I am intrigued by Rev. Beck, but I’m not certain his approach is precisely the right one. He is clearly, and openly, influenced by what he calls Neo-Paganism as well as “the writings of the early Celtic saints from the 5th to 7th centuries.” Yet I wonder what precisely he has been reading. The works of Columbanus, for instance, cannot have made up too much of his common fare since there is nothing by Columbanus that hints at this relationship between the “Celtic” church and the druids. Much of what we even know about druids is shrouded in mystery and pseudo-history created by nineteenth century antiquarians. So, I have to worry, even if only a small amount, about commitments to a past we cannot even ascertain the history of. After all, if we cannot be certain what the druids were or what they practiced, how can we have a resurgence that’s actually in line with their teachings.

This––to me––is the same problem one meets when addressing those who claim to follow the Old Norse religion. All of the written information about Odin and Thor and Ragnarok comes after Christianity had been introduced to the Scandinavian countries. Snorri Sturluson himself, one our chief sources, was reviving Old Norse myths in order to revive Old Norse poetry which he feared would be lost. Sturluson argues that Odin learned magic in the East and confounded the natives with it. I was once at a conference presenting on medieval cosmology (to which I shall return in a moment) where a professor was presenting on the similarities between Irish myth and Christianity. I asked her how we could be certain that the relationship was accidental when all of the stories were written down (or at least all of our copies come from a time) after Ireland had become fully Christianized. Unfortunately, I misworded my question and so she misunderstood and didn’t answer the question I meant to ask.

So my first reaction to this article is one of caution, not because I think Rev. Beck’s approach is necessarily dangerous spiritually but because it may very well be anachronistic. Another example is Rev. Beck’s statement about St. Columba calling Christ his chief druid. This comes from a song called the Song of Trust. It is attributed to Columba but I have not been able to find any hard evidence. It appears, I think, to originate from a Life of St, Columba written in the late nineteenth century. I can’t get my hands on the book, so I cannot look into it any more deeply, but I am leery of simply taking it on trust. Many songs have been written over the centuries and been attributed to all sorts of people, but we have no real evidence, nor even a predominant tradition. I should note that Beck does make reference to a Prof. Ronald E. Hutton at the University of Bristol. Hutton has certainly done research I haven’t, and I would be interested in reading his books on the evolution of paganism.

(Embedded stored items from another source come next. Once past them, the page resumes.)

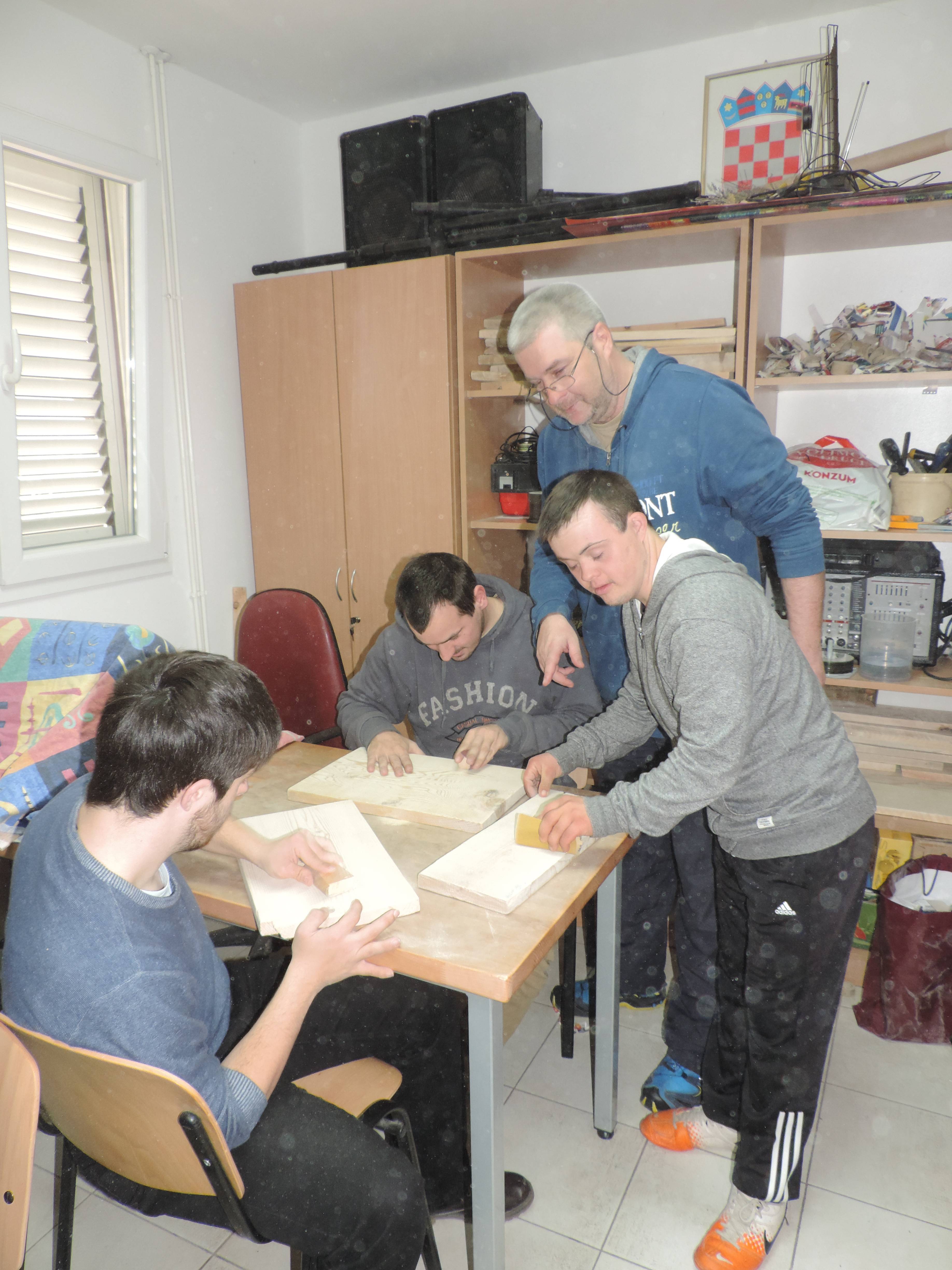 U boravku za odrasle radni instruktori u suradnji sa stručnima radnicima Centra rade na razvijanju radnih i kulturno-higijenskih navika korisnika, razvijanju sigurnosti u svakodnevnim situacijama, razvijanju primjerenih oblika ponašanja u poznatim i nepoznatim situacijama, upoznavanju uže i šire okoline, pomaganju u obavljanju svakodnevnih poslova, uređenju unutarnjeg i vanjskog prostora boravka. Poseban je naglasak na radnim i sportskim aktivnostima. Korisnici su, ovisno o željama, uključeni u različite radionice: stolarsku, kreativnu, domaćinsku, informatičku, u rad u sušari i plasteniku te u radionicu glačanja.
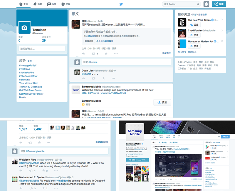 整體藍(lán)色設(shè)計(jì)帶來(lái)統(tǒng)一印象,顏色的深淺分別承載不同類型的內(nèi)容信息,比如信息內(nèi)容模塊,白色底代表用戶內(nèi)容,淺藍(lán)色底代表回復(fù)內(nèi)容,更深一點(diǎn)的藍(lán)色底代表可回復(fù)操作,顏色主導(dǎo)著信息層次,也保持了twitter的品牌形象。
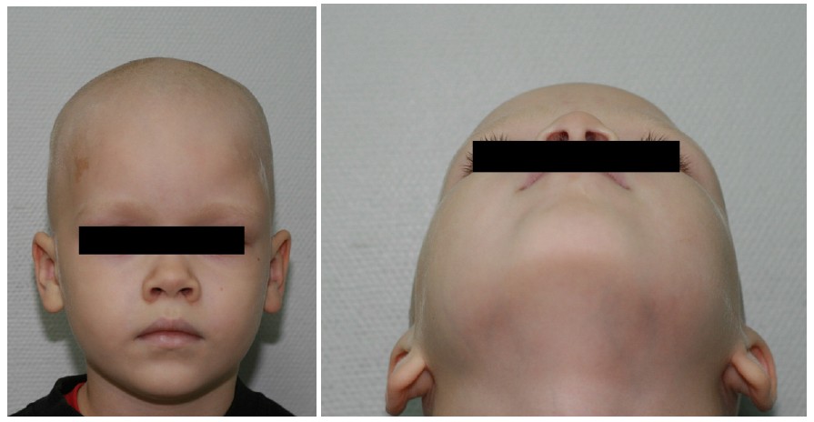 Fig. 8. Appearance of the child upon admission at RCCH on 2016, with forehead highlighting the gross asymmetry of the left supraorbital rim in comparison to the contralateral side. The skin above the formation is unchanged

But what about what the good Rev. Actually believes? What makes him different from Christianity without “paganism”? In truth, I think the answer is not much, not for anyone with a proper understanding of theology and history. Beck says, “My theology is Christian, my cosmology is pagan.” Now, in the article this is never fully fleshed out, but it seems by pagan cosmology Beck means animism and, “bringing in the feminine face of the divine.” By animism, Rev. Beck seems to mean recognizing the inherent value of non-human creation. He says, “It’s about recognizing that that tree that I’ve been praying beside, is actually alive and conscious and praying with me. It’s about recognizing that if I’m having beef for supper I know who I’m eating, not what I’m eating.” On the face of it, this may seem very pagan indeed, but I’m not so sure.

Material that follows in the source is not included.